Trending dishes at the moment include:

  • One-pan garlic parmesan sausage and veggies.
  • Sausage-stuffed portobello mushrooms.
  • Sausage, zucchini and brown rice skillet.
  • Cheesy Italian sausage and basil penne.
  • Jamaican jerk sausage and Joloff sauce.
  • Spinach, egg and sausage link skillet.

Deconstruct the idea of encased sausage

As any top chef will tell you, don’t be defined by a cookbook – you’ve got bigger dreams!

Sausage isn’t relegated to just its Polish, Italian or bratwurst monikers, and millennial consumers are making sure of it.

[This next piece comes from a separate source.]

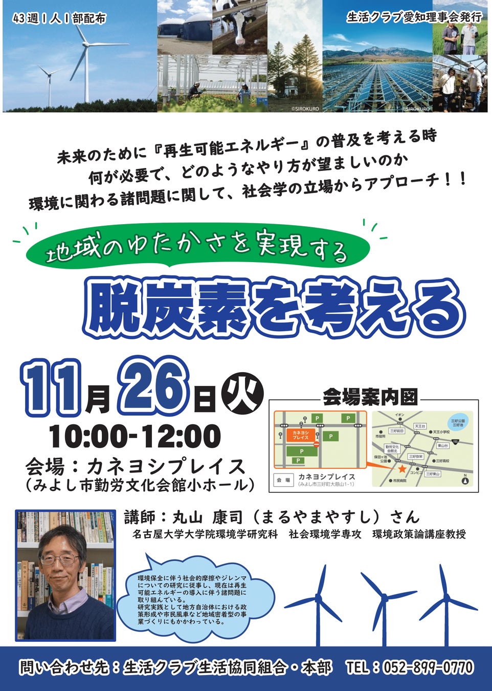 生活クラブ愛知が 名古屋大学大学院教授 丸山康司氏をゲストに 11/26(火)愛知県みよし市のカネヨシプレイス・小ホールにて

A few creative sausage arrangements that are popping are:

  • Chorizo breakfast hash.
  • Loose pork burgers.
  • Sausage and pastry wraps.
  • Crumbled sausage pizza.
  • Puerto Rican morcilla.
  • Lamb merguez.
  • Kimchi brats.

Leftover sausage from previous dishes also allows you to explore additional culinary expeditions by pairing links with other sides and sauces that may not have made it into your first dish. By changing the format of your sausage cuisine – dicing, sauteeing, grilling, searing, stewing, wrapping, etc. – you can experiment with hundreds of new meat masterpieces fellow chefs have yet to try.

Test the limits of what you can incorporate sausage into, and don’t be limited by yesterday’s link standards.